# Mixing essential/fragrance oils after dilution



## Kkflkkfl (Dec 7, 2021)

I have recently made my first batch of liquid soap (paste) but have a couple questions regarding mixing in essential/fragrance oils. I purchased some polysorbate 80 but should I mix the polysorbate 80 with the EO/FO before mixing it into the diluted LS or can I add the polysorbate 80 into the diluted LS with EO/FO already mixed in? 

I have been adding it into my diluted LS afterwards but a cloudy sort of layer keeps forming on top. I assume this is the EO/FO separating. Is this correct? I am attaching a few photos of what of I am talking about.


----------



## lsg (Dec 7, 2021)

You might check out the following links:





						Essential oils that do not cloud liquid soap
					

New section in the forum?   So exciting.  I have been making liquid soap using a variation of the David Fisher method (AKA as the Failor method) http://candleandsoap.about.com/od/liquidsoap/ss/basicliquidsoap.htm  I like to scent my bath liquid soaps with essential oils.  I have 5 different...
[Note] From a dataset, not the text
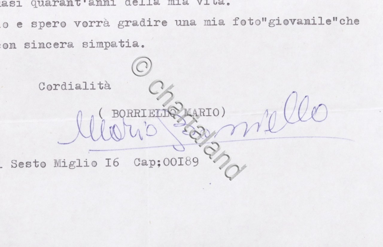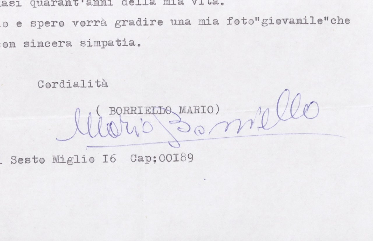 Musica Lirica - Lettera con autografo del baritono Mario Borriello - 1980 Dimensioni: 17,5 x 26,5 cm ca. Condizioni molto buone. Il baritono italiano Mario Borriello [1914-2000] nacque a Vienna, ma viaggiò in Italia da ragazzo dove studiò voce e fece il suo debutto all'Opera di Roma nel 1942, durante la seconda guerra mondiale. Ha partecipato a diverse stagioni al Comunale di Firenze, alla Scala di Milano e al San Carlo di Napoli.

					www.soapmakingforum.com
				









						Why Is My Liquid Soap Cloudy/Milky? – www.diyproducts101.com
					






					www.diyproducts101.com


----------



## Professor Bernardo (Dec 7, 2021)

I have never had to use Polysorbate 80 for mixing the essential oils.  Yes, it will get cloudy but that usually clears up after a few day of letting the liquid soap sit.
You also might try warming up your liquid soap by putting it in a water bath heated to about 180°F.  Let the soap get that warm and let it sit for about an hour. I have done this in the past and it works quite well usually.
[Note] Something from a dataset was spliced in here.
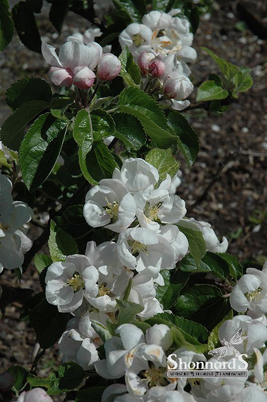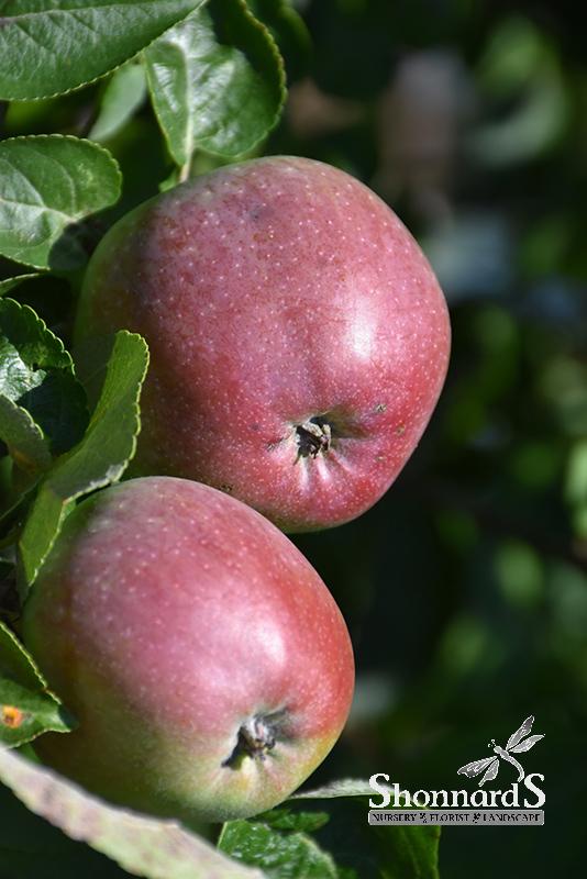 A very hardy and popular red-streaked apple with a greenish blush, good tart flavor, keeps well; eating apples are high maintenance and need a second pollinator; the perfect combination of accent and fruit tree, needs well-drained soil and full sun.

You did do a ZERO percent super fat right?  Your soap has a slight haze to it.  Usually let your LS sit for a couple of weeks will clear things up, even if there's a slight cloudiness to it.  One thing I have done in the past is to make a solution of KOH and distilled water equal to 1% of the oil's weight and add it to the LS.  Then after a couple of days or so, things start clearing up.  I had to do that one time when I forgot to set the super fat percentage to zero in the SMF calculator.


----------



## Zany_in_CO (Dec 7, 2021)

Ditto what @Professor Bernardo said. Warming the LS before adding fragrance helps to incorporate it. Most of the time you won't need to add PS-80 or PS-20 (which also works well). Although it's out of fashion these days, I always sequester my LS for 2 weeks after dilution. That allows any sediment to settle to the bottom, or excess oil to rise to the top. It not only helps to correct any problems but it also helps to clarify a cloudy batch.

That being said, when Poly-80 needs to be added to "solubize" an EO/FO, I use it at a rate of 1 part EO/FO to 3-4 parts Polysorbate. I measure some of the dilution water into a glass. Add the Polysorbate. Stir until clear. Add the fragrance. Stir to clear. Then allow it to set for a while to see if any oil rises to the top. If it does, repeat the process until no more oil rises to the top. Then add to the batch.

Polysorbate 80 is amazing stuff. Here's a thread you may find interesting:

*FUN WITH POLYSORBATE-80*


----------



## ResolvableOwl (Dec 7, 2021)

lsg said:


> Why Is My Liquid Soap Cloudy/Milky? – www.diyproducts101.com
> 
> 
> 
> ...


(OT: It seems that someone's been in a hurry there. They wrote “superfat” once but three times “superfa*s*t” instead. Freudian typo?)


----------



## Zany_in_CO (Dec 7, 2021)

ResolvableOwl said:


> They wrote “superfat” once but three times “superfa*s*t” instead. Freudian typo?)


Good catch, @ResolvableOwl ! I was just thinking the same thing when I looked at the OP's pictures. I have seen that layer of unsaponified oils on top many times when I was on the Liquid Soap Makers Yahoo Group. It's a Rookie mistake of rushing to dilute before the batch is "done", i.e., fully saponified. For HP, it's best to wait a day or 2 to dilute. A ZAP test isn't always reliable. For CP it takes 1-2 weeks to finish saponification. A clarity test is a better indicator of whether the batch is ready to dilute or not. 

*CLARITY TEST, ADD EOS, THICKEN WITH SALT*

Altho others may disagree, I find phenothalein drops to be the most reliable test as shown in *Carrie Petersens GLS video*, 5:00 minute mark.


----------



## Professor Bernardo (Dec 7, 2021)

I wonder if the OP used distilled water in both the soap paste process and dilution.  If not, haziness will be an issue with no way to correct it except for a long sequester time.


----------